* _WHAT YOU HAVE TO DO_
Below this line are records; write out exactly the lines from the one containing "Kayseri Valiliği’nden yapılan" through the one containing "Personally tested and", with the pictures left out.

* _DATA SHOWN_
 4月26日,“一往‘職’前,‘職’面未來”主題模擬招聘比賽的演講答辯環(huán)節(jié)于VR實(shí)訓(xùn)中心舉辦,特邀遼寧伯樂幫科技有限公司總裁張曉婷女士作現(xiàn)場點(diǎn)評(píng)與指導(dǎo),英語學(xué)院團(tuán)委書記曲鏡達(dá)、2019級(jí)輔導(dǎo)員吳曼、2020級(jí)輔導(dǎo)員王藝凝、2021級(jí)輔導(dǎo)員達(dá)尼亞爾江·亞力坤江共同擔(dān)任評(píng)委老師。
==
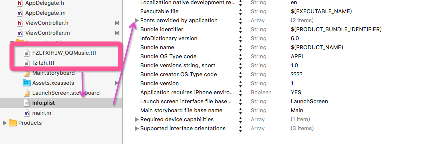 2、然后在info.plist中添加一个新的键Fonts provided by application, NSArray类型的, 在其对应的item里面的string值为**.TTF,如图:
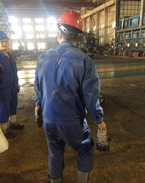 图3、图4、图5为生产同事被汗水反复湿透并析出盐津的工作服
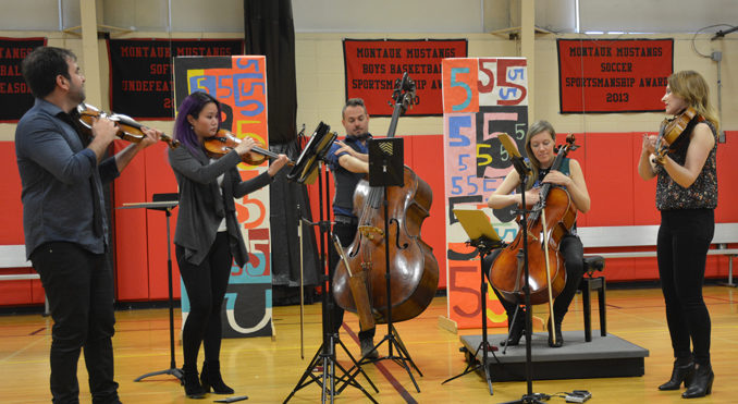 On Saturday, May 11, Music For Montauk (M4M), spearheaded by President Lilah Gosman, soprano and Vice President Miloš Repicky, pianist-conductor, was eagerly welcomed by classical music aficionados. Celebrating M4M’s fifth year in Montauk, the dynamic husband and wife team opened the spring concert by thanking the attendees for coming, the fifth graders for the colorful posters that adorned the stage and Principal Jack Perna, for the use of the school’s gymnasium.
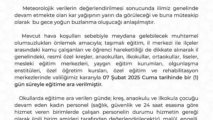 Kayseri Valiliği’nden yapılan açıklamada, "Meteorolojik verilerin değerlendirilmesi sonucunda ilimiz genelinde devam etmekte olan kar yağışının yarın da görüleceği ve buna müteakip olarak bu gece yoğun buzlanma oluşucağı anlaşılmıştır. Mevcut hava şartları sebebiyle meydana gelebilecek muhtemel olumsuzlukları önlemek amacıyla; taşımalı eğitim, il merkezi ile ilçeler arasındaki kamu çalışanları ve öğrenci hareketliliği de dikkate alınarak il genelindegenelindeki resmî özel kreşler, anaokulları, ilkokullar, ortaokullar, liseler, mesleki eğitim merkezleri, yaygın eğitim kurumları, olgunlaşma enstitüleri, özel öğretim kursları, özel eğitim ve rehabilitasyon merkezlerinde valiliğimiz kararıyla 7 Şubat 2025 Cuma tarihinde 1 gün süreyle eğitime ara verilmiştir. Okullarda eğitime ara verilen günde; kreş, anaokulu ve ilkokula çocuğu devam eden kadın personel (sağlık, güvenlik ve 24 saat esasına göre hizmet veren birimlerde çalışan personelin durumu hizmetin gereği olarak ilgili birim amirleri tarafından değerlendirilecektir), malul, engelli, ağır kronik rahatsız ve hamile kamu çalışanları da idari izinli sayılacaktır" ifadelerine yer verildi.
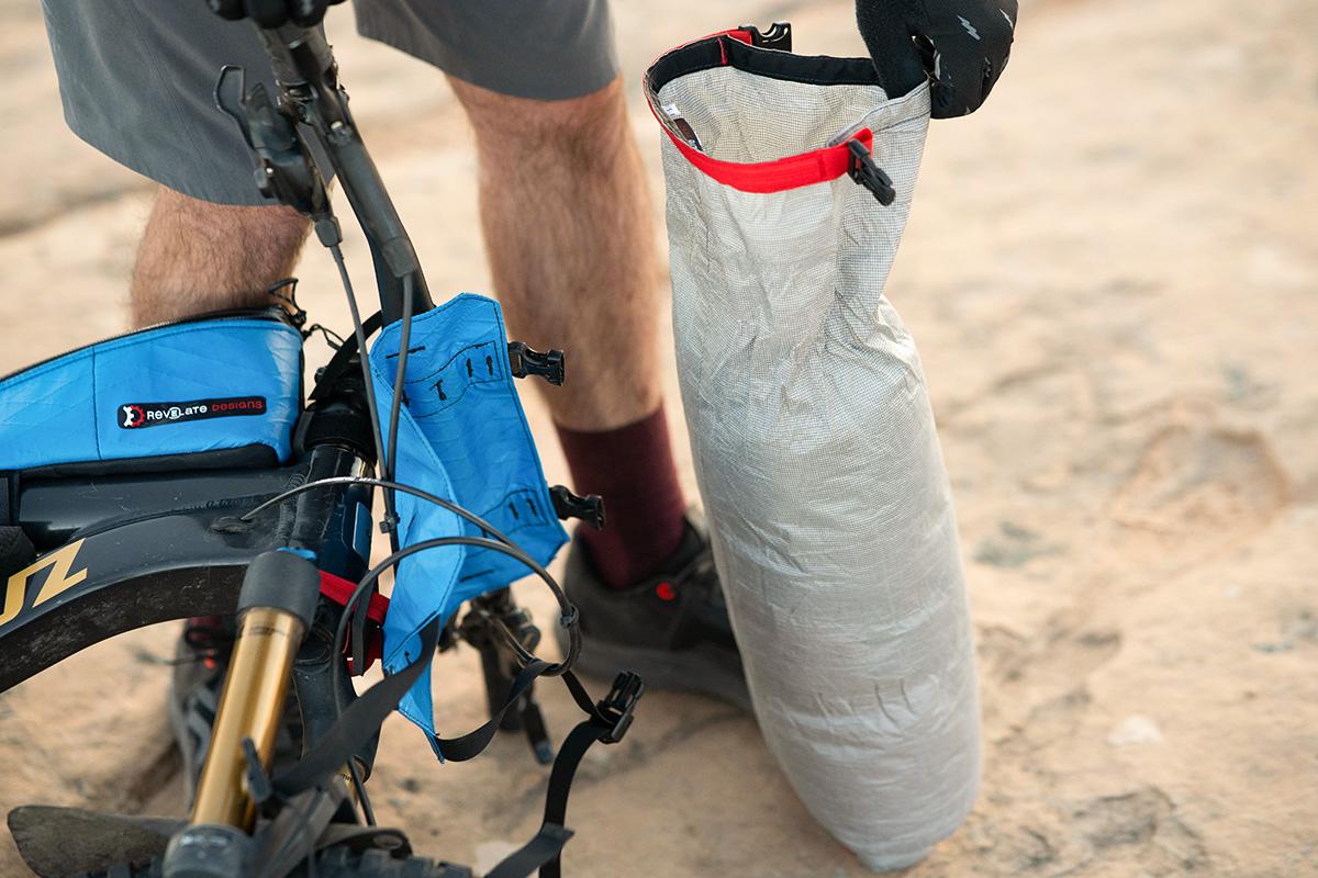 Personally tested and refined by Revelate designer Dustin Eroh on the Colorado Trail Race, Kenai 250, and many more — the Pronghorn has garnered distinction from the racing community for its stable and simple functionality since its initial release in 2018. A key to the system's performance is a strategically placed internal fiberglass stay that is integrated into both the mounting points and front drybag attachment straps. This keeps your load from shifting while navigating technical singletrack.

* _COMPLETED TASK_
 Kayseri Valiliği’nden yapılan açıklamada, "Meteorolojik verilerin değerlendirilmesi sonucunda ilimiz genelinde devam etmekte olan kar yağışının yarın da görüleceği ve buna müteakip olarak bu gece yoğun buzlanma oluşucağı anlaşılmıştır. Mevcut hava şartları sebebiyle meydana gelebilecek muhtemel olumsuzlukları önlemek amacıyla; taşımalı eğitim, il merkezi ile ilçeler arasındaki kamu çalışanları ve öğrenci hareketliliği de dikkate alınarak il genelindegenelindeki resmî özel kreşler, anaokulları, ilkokullar, ortaokullar, liseler, mesleki eğitim merkezleri, yaygın eğitim kurumları, olgunlaşma enstitüleri, özel öğretim kursları, özel eğitim ve rehabilitasyon merkezlerinde valiliğimiz kararıyla 7 Şubat 2025 Cuma tarihinde 1 gün süreyle eğitime ara verilmiştir. Okullarda eğitime ara verilen günde; kreş, anaokulu ve ilkokula çocuğu devam eden kadın personel (sağlık, güvenlik ve 24 saat esasına göre hizmet veren birimlerde çalışan personelin durumu hizmetin gereği olarak ilgili birim amirleri tarafından değerlendirilecektir), malul, engelli, ağır kronik rahatsız ve hamile kamu çalışanları da idari izinli sayılacaktır" ifadelerine yer verildi.
 Personally tested and refined by Revelate designer Dustin Eroh on the Colorado Trail Race, Kenai 250, and many more — the Pronghorn has garnered distinction from the racing community for its stable and simple functionality since its initial release in 2018. A key to the system's performance is a strategically placed internal fiberglass stay that is integrated into both the mounting points and front drybag attachment straps. This keeps your load from shifting while navigating technical singletrack.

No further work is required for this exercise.